───── INPUT DATA

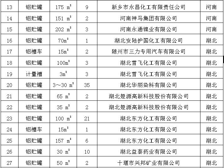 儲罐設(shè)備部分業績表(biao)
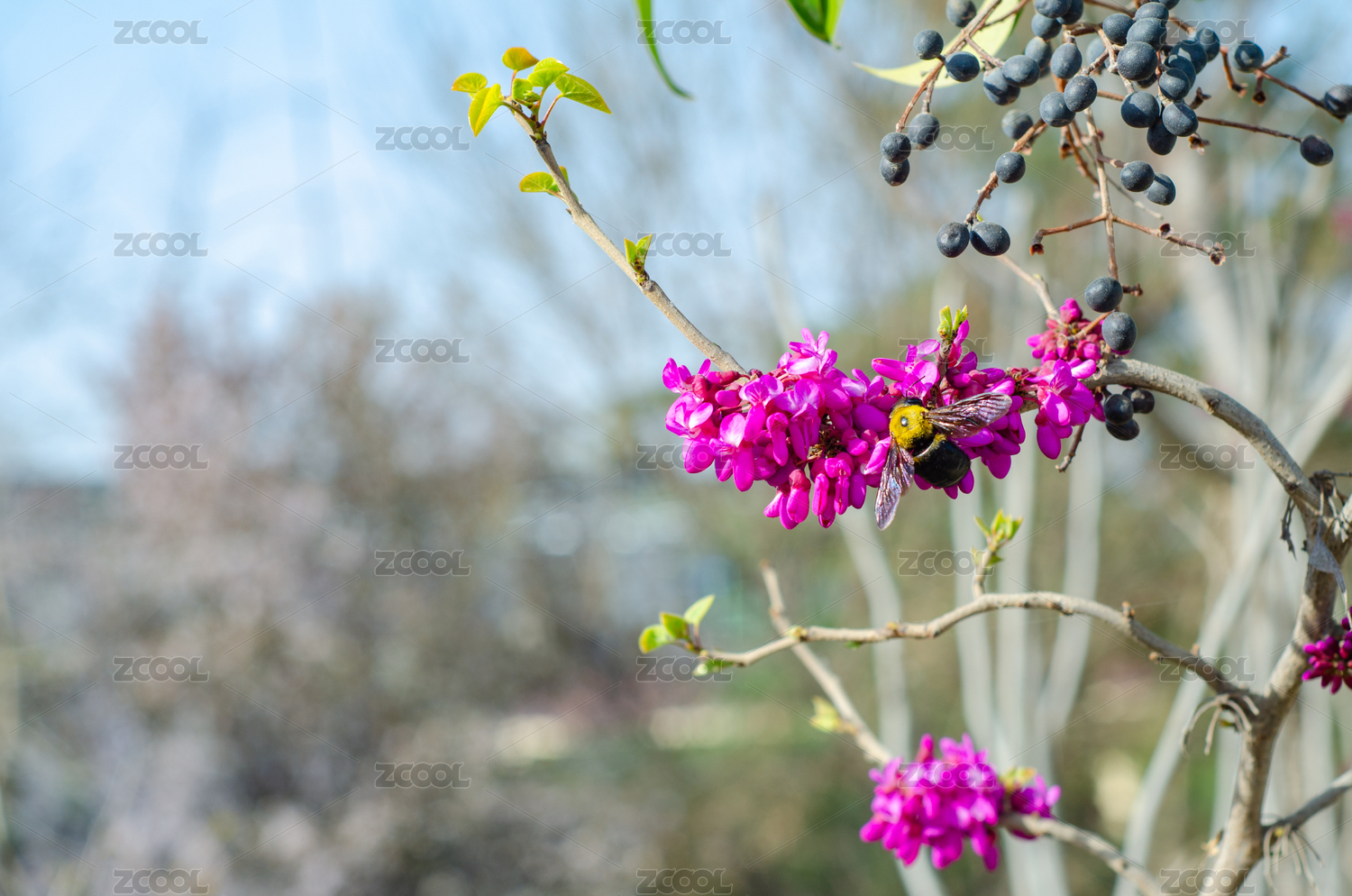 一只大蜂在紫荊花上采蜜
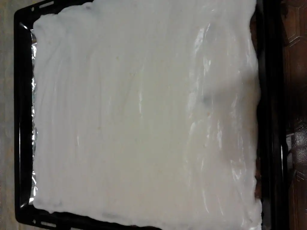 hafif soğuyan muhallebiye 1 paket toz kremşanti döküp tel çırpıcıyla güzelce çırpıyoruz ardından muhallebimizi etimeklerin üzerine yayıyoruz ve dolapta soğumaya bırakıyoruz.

──────────

EXERCISE DESCRIPTION
None of the pictures should be kept; reproduce all the remaining material exactly.

WRITTEN ANSWER
 儲罐設(shè)備部分業績表(biao)
 一只大蜂在紫荊花上采蜜
 hafif soğuyan muhallebiye 1 paket toz kremşanti döküp tel çırpıcıyla güzelce çırpıyoruz ardından muhallebimizi etimeklerin üzerine yayıyoruz ve dolapta soğumaya bırakıyoruz.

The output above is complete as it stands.